BRIDGET JONES'S BABY Makes Three


Seeing Bridget Jones’s Baby is like reconnecting with an old friend you thought and hoped would have her life together by now. It’s not her fault. That’s just what life keeps throwing her way. In her case, life is the plot novelist Helen Fielding and filmmakers like Sharon Maguire keep serving up. Each movie forces her to awkwardly relearn the same lessons: to roll with the punches, have self-confidence, and be happy with who she is whether or not there’s a man in her life. Fifteen years have passed since the socially awkward Bridget (Renée Zellweger) first strode on screen in the sweet and charming Bridget Jones’s Diary, the story of sad single woman in London who can’t decide between two rakish men, a slick cad (Hugh Grant) and a cold, but secretly warm-hearted, stuffed shirt (Colin Firth). The sequel, 2004’s Edge of Reason, reset the relationships to have the same men fighting over her in much the same emotional beats. At least Baby makes three a slightly different dynamic, finding Bridget a new fling and a nine-month surprise growing throughout.

For the better part of an hour the movie gets by on nothing more than the sheer pleasure of seeing the twinkly-eyed Zellweger back on the screen. She hasn’t had a role in six years, and hasn’t been Bridget, her most famous character, in over a decade. So when a now-43-year-old Jones walks into a sad, lonely birthday convinced her work life will be her satisfying replacement for romantic travails, it feels awfully nice to have her driven and desirous of nothing more than self-improvement and self-care. Alas, it’s too good to be true, as a hoookup at a music festival with a mysterious billionaire (Patrick Dempsey) and an unexpected rekindling of passions with her old love (Firth) leave her pregnant. Once more, two men fight for her affections, this time with the ticking time bomb of a DNA test (which she decides to make post-partum instead of an amniocentesis) adding an extra layer of squirmy comic tension.

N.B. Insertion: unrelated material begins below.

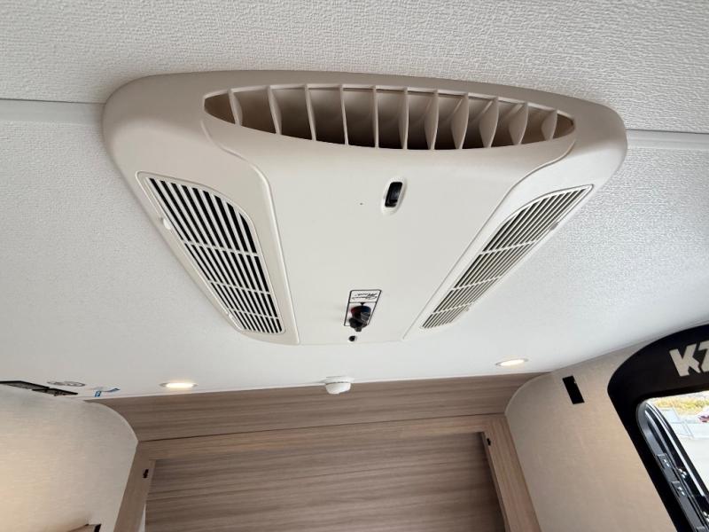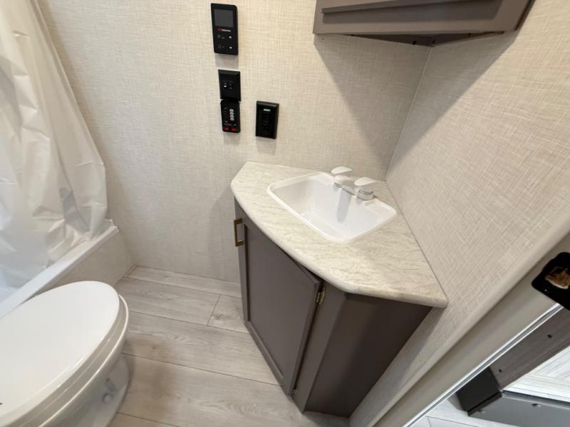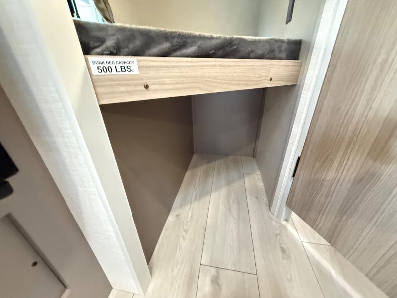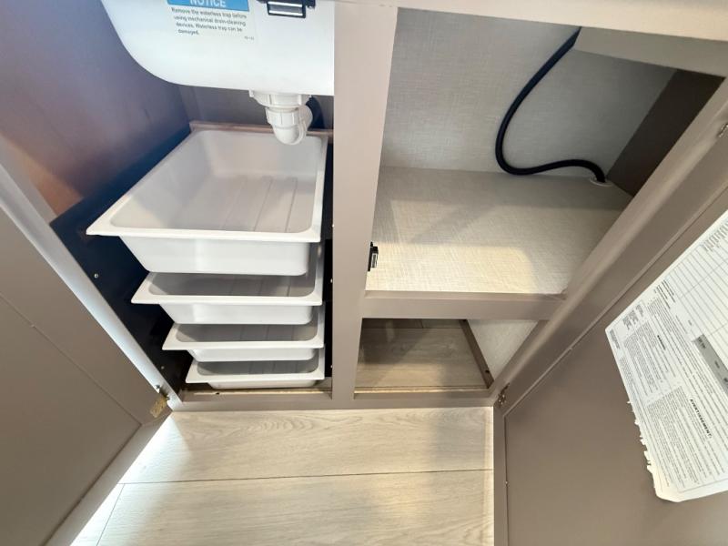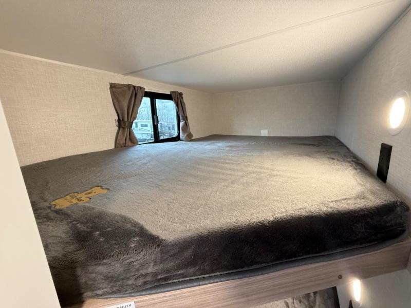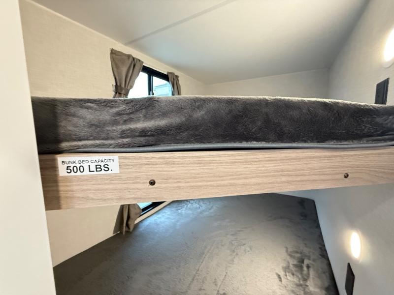 The spacious double-size bunk beds are perfect for families or groups, providing ample sleeping space for a restful night's sleep. There is a 60” jiffy sofa and a murphy bed that offers additional sleeping space or a comfortable spot to relax, making it ideal for families or couples. Further, the cozy booth dinette is a perfect spot for meals or playing board games, creating lasting memories with loved ones. In the kitchen area, the 12V refrigerator keeps your food and drinks fresh, while the microwave provides a convenient way to prepare meals on the go. And after a long day, the full bathroom will be a haven for convenience and comfort, featuring everything you need to freshen up on the go.

That’s a decent start to a good Bridget reunion, progressing her story slightly, creating new conflict, upping the stakes, and inviting new handsome middle-aged men into her world. Now she’s committed to having a baby (she bristles at being called a “geriatric mother,” but also recognizes this might be her one chance at pregnancy) and settling into a new aspect of life. To help her do so, she faces the Solomon-like task of figuring out which man gets to raise the baby as her co-parent. Will it be the man she has loved, or the man she could love? Not a bad question. This certainly isn’t a calamitous late sequel. But it lacks its original nimble spark. Running a galumphing 122 minutes, co-writers Fielding, Dan Mazer (Dirty Grandpa), and the great Emma Thompson have simply not enough plot or charm to last. Especially lumpy, there are underfed subplots, forced short cameos for familiar faces past (though Jim Broadbent never hurts), and a central farce with far too much dead air for how urgent its mysteries are. Bridget’s dithering about informing one prospective father of the other, and indeed her confusion about whether biology should inform her choice at all, creates a long, awkward stasis.

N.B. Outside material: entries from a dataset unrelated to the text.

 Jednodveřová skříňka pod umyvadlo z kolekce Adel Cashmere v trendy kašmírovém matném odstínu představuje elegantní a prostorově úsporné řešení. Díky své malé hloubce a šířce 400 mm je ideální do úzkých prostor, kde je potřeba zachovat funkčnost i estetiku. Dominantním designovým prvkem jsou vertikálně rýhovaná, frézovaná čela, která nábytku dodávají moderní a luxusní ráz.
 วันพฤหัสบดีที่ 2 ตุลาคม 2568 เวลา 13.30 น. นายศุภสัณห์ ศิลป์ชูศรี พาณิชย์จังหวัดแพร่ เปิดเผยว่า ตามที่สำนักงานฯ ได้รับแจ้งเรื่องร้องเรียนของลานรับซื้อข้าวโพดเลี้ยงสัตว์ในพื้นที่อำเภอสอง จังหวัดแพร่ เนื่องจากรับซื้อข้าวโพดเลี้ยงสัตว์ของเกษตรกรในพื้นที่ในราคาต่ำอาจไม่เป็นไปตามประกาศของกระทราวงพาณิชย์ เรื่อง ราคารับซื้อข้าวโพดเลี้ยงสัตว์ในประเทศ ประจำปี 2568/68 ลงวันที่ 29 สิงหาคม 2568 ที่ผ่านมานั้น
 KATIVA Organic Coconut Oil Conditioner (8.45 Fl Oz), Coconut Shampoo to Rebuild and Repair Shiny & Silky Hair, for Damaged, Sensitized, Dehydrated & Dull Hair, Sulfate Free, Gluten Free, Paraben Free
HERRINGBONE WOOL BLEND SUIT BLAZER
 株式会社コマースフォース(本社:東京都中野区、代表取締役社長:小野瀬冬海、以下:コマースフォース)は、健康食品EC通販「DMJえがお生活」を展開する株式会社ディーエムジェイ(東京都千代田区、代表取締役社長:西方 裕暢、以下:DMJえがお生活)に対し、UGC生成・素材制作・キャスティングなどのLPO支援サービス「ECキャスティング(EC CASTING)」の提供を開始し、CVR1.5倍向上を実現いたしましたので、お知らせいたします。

Beyond the wheel-spinning at its center, the movie can’t quite place Bridget in a believable 2016. There’s tepid social media commentary and millennial bashing in the form a new team brought in to run the newsroom where Bridget works. (A few exhausted swipes at man buns, live streams, and hashtags aren’t as nervy as the movie seems to think.) Similarly, an endless gag in which Bridget doesn’t recognize Ed Sheeran falls flat, but not as deadly behind-the-times as an enthusiastic dance floor “Gangnam Style” discussion. What is this? 2012? Ditto the recurring references to a court case and subsequent protest parade concerning a Russian women’s punk band. These are weak distractions from the questions at hand. Who is the father? Who is best for Bridget? Will she finally get her life together? All is answered, and reasonably satisfactorily if you ask me. And Zellweger and Firth are good enough at selling the long history and misty-eyed potential in their relationship. But the distended phoniness around them is more than I could take.